Available data:

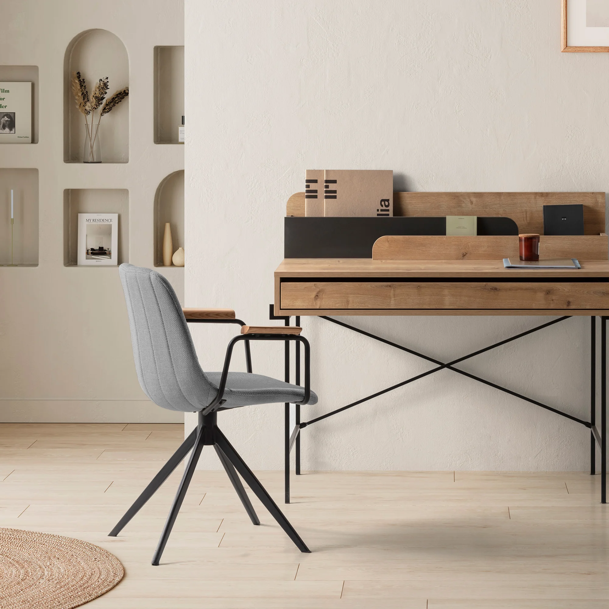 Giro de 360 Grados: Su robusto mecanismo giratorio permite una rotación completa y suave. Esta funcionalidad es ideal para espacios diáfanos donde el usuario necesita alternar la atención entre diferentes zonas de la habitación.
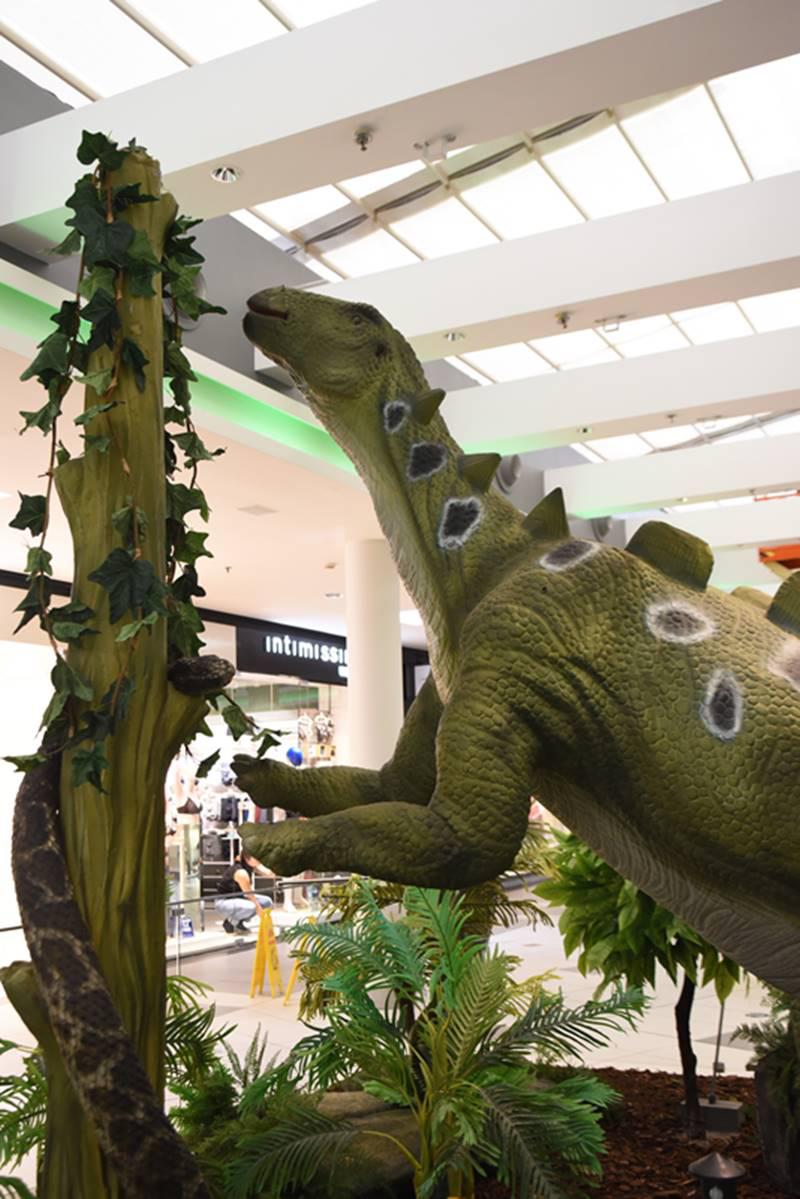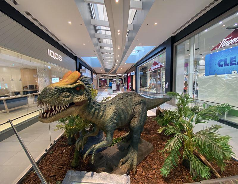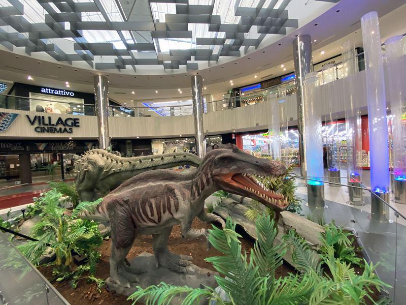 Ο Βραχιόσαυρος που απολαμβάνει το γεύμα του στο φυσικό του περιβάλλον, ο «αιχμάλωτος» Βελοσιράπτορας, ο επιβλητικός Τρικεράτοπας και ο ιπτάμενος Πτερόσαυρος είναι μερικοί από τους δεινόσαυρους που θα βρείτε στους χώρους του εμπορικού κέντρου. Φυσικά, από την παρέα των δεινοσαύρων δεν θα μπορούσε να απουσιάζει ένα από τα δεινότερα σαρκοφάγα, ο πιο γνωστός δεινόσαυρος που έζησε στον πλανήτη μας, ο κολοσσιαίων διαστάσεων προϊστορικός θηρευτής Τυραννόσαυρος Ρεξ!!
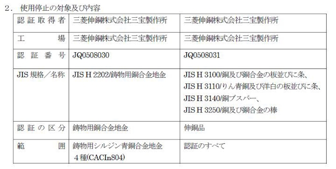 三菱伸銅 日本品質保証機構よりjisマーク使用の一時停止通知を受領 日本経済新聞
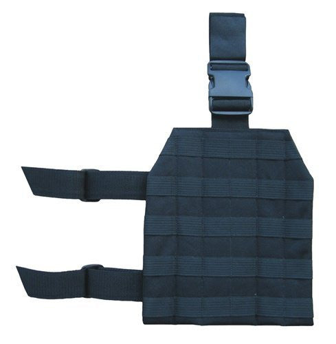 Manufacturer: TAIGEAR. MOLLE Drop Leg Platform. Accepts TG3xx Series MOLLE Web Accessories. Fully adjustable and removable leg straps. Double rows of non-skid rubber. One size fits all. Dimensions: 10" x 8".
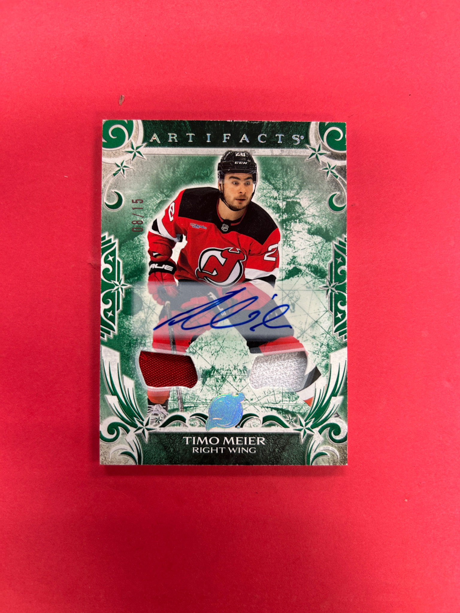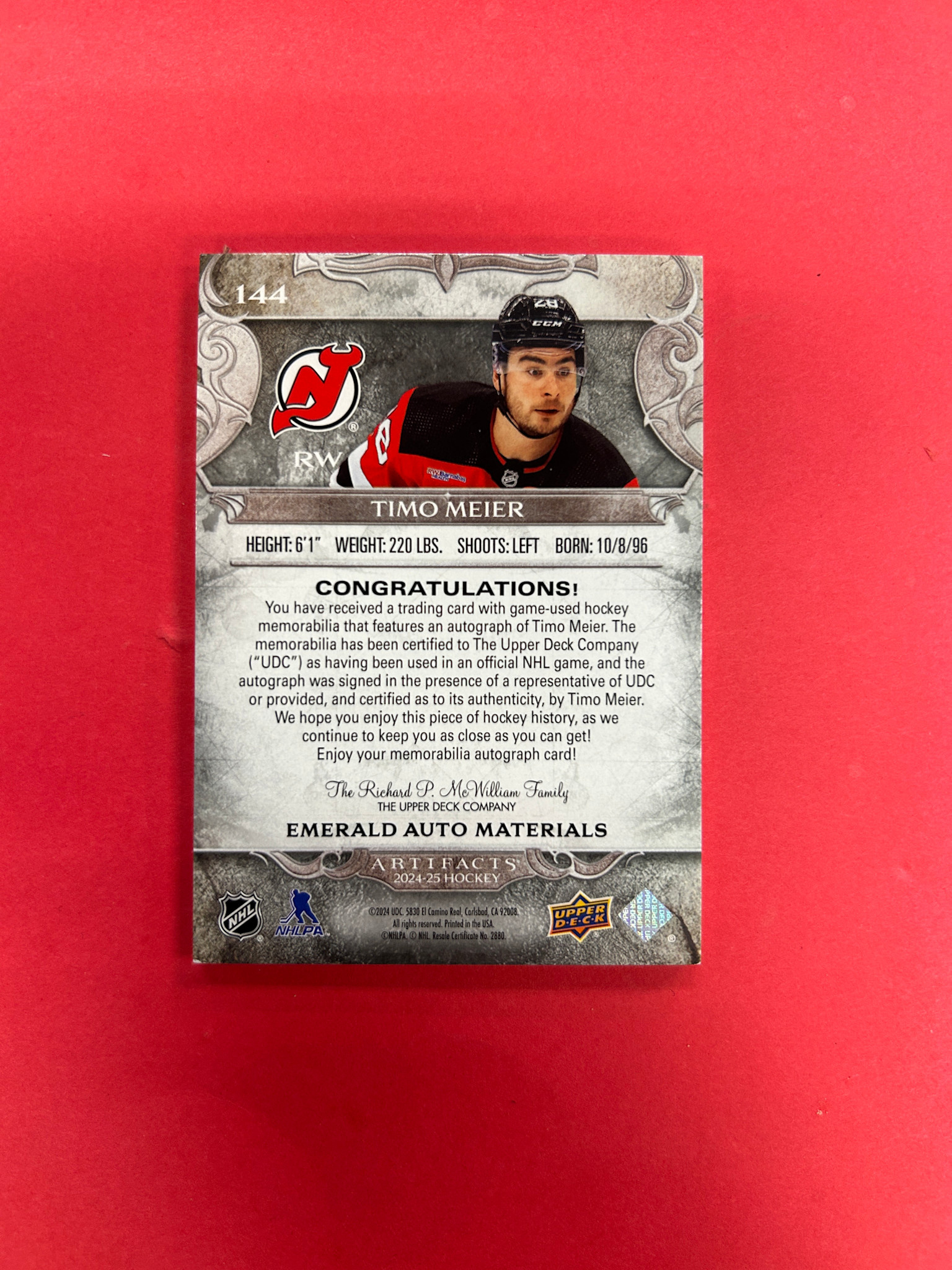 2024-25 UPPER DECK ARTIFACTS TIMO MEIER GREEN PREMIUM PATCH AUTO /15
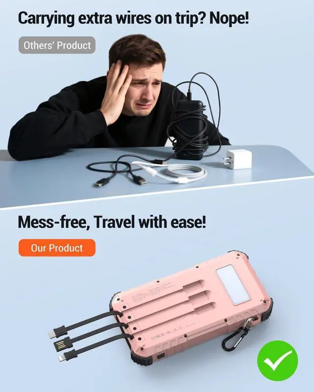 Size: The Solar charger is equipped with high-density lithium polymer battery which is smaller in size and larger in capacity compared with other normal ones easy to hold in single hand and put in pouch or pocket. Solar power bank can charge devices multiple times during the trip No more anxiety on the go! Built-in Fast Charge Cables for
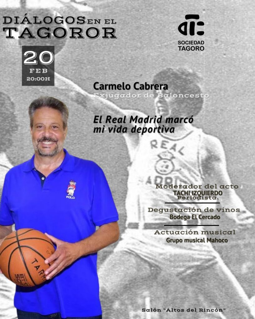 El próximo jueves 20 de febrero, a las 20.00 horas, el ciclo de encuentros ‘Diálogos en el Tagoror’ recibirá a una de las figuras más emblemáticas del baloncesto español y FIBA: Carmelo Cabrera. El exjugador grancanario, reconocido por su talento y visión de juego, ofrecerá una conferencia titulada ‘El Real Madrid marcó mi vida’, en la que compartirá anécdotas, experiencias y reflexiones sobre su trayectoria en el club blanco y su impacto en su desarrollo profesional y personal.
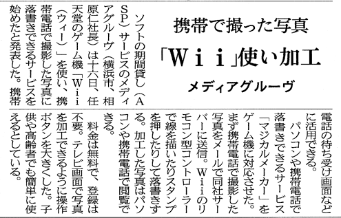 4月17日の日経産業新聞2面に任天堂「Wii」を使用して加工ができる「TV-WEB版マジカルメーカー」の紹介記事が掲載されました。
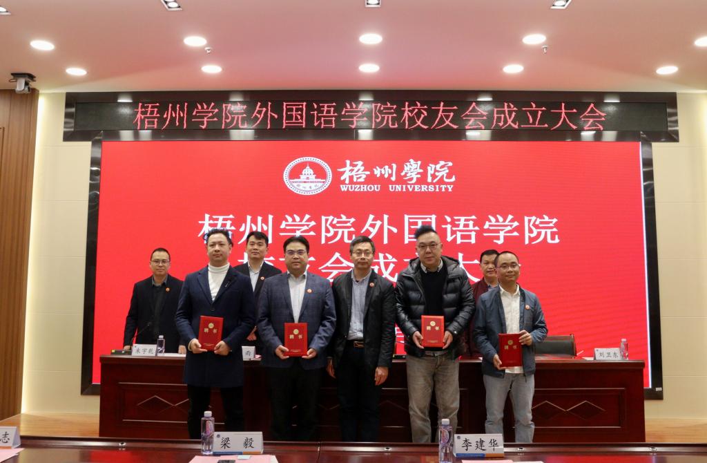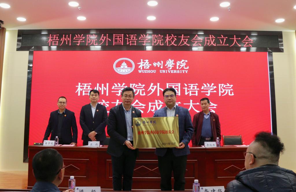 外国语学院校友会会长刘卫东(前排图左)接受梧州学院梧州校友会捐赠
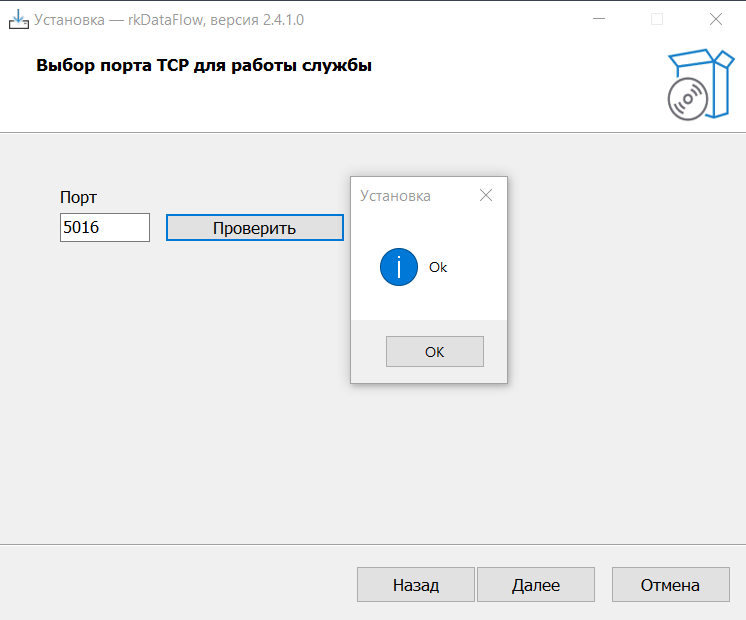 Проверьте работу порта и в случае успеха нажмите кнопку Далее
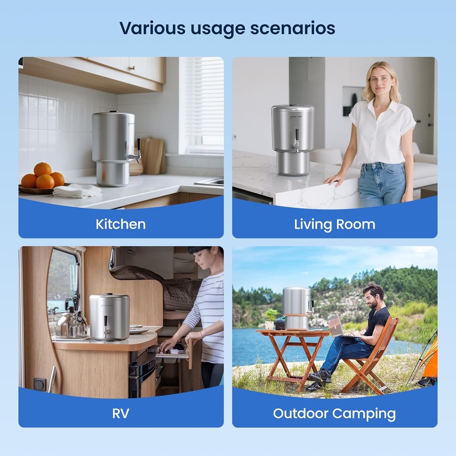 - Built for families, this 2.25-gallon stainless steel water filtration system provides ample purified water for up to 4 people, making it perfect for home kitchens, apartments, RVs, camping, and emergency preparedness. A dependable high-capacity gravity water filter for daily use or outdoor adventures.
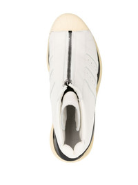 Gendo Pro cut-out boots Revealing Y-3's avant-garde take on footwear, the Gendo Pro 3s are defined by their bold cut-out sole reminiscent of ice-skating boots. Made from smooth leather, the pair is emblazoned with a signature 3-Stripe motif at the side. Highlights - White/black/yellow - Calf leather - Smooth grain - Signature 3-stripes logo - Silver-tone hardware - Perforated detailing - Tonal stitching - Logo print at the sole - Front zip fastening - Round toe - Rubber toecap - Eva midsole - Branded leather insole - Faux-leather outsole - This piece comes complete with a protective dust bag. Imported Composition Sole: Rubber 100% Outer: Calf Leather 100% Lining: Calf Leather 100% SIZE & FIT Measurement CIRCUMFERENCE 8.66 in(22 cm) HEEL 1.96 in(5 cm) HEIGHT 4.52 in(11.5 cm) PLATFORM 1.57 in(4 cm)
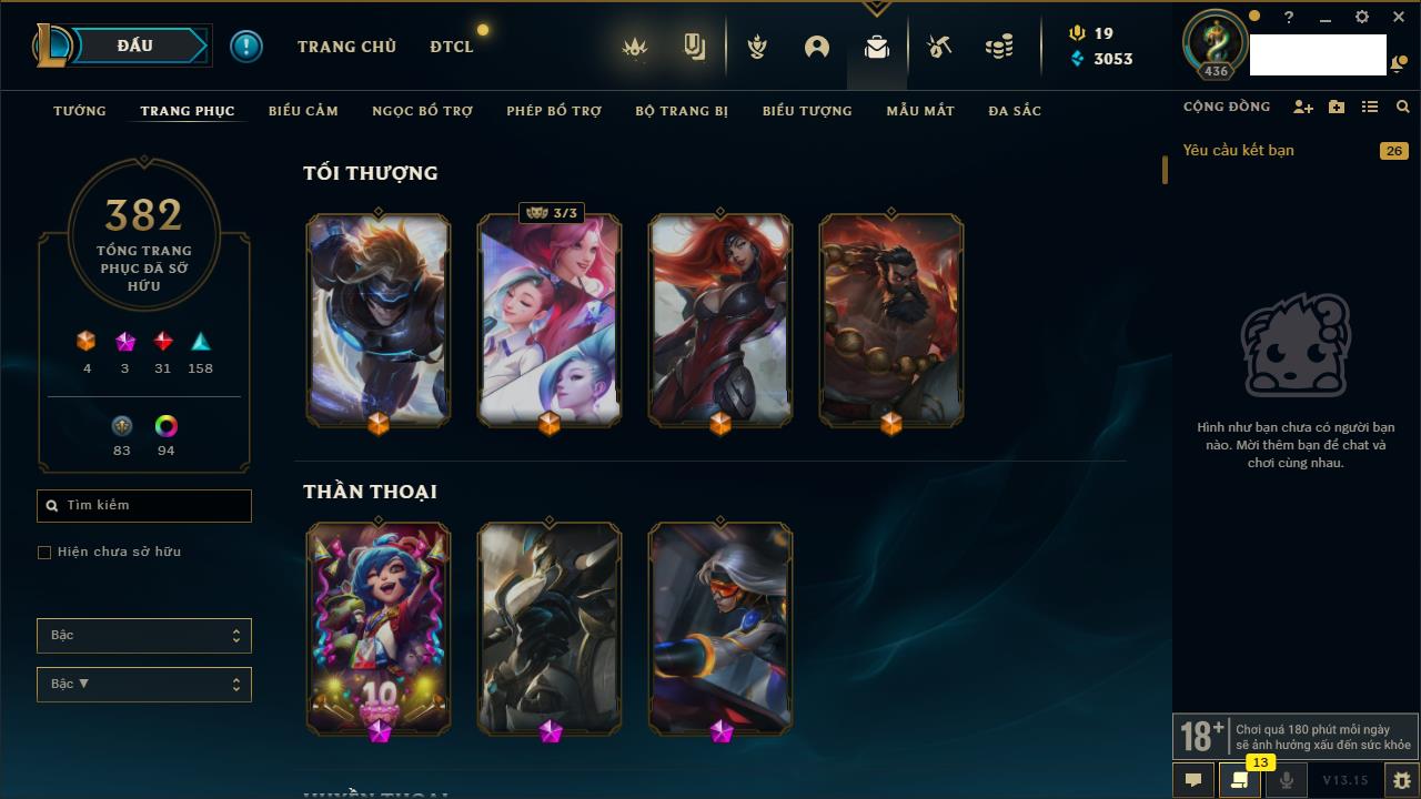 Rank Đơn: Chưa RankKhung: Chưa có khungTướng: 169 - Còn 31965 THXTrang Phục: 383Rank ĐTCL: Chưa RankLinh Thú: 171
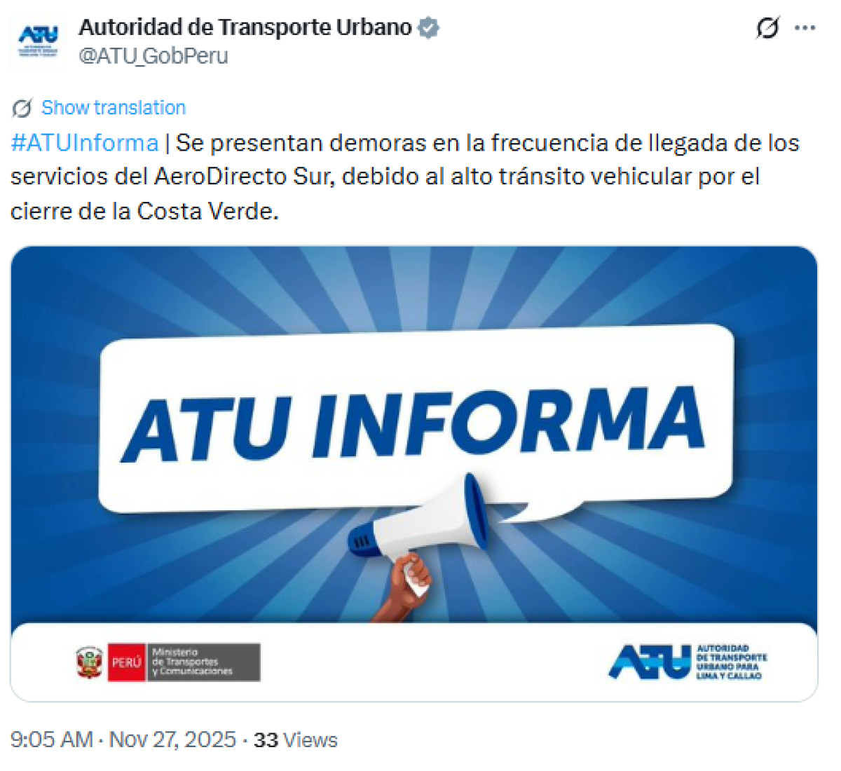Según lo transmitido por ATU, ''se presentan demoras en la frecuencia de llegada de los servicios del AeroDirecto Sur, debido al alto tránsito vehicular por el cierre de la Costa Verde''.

Task to complete: Every line from the one that holds "Rank Đơn: Chưa" to the last line of the records above goes into the answer, exactly as written; nothing else does, and no picture does either.

Exercise answer:
 Rank Đơn: Chưa RankKhung: Chưa có khungTướng: 169 - Còn 31965 THXTrang Phục: 383Rank ĐTCL: Chưa RankLinh Thú: 171
Según lo transmitido por ATU, ''se presentan demoras en la frecuencia de llegada de los servicios del AeroDirecto Sur, debido al alto tránsito vehicular por el cierre de la Costa Verde''.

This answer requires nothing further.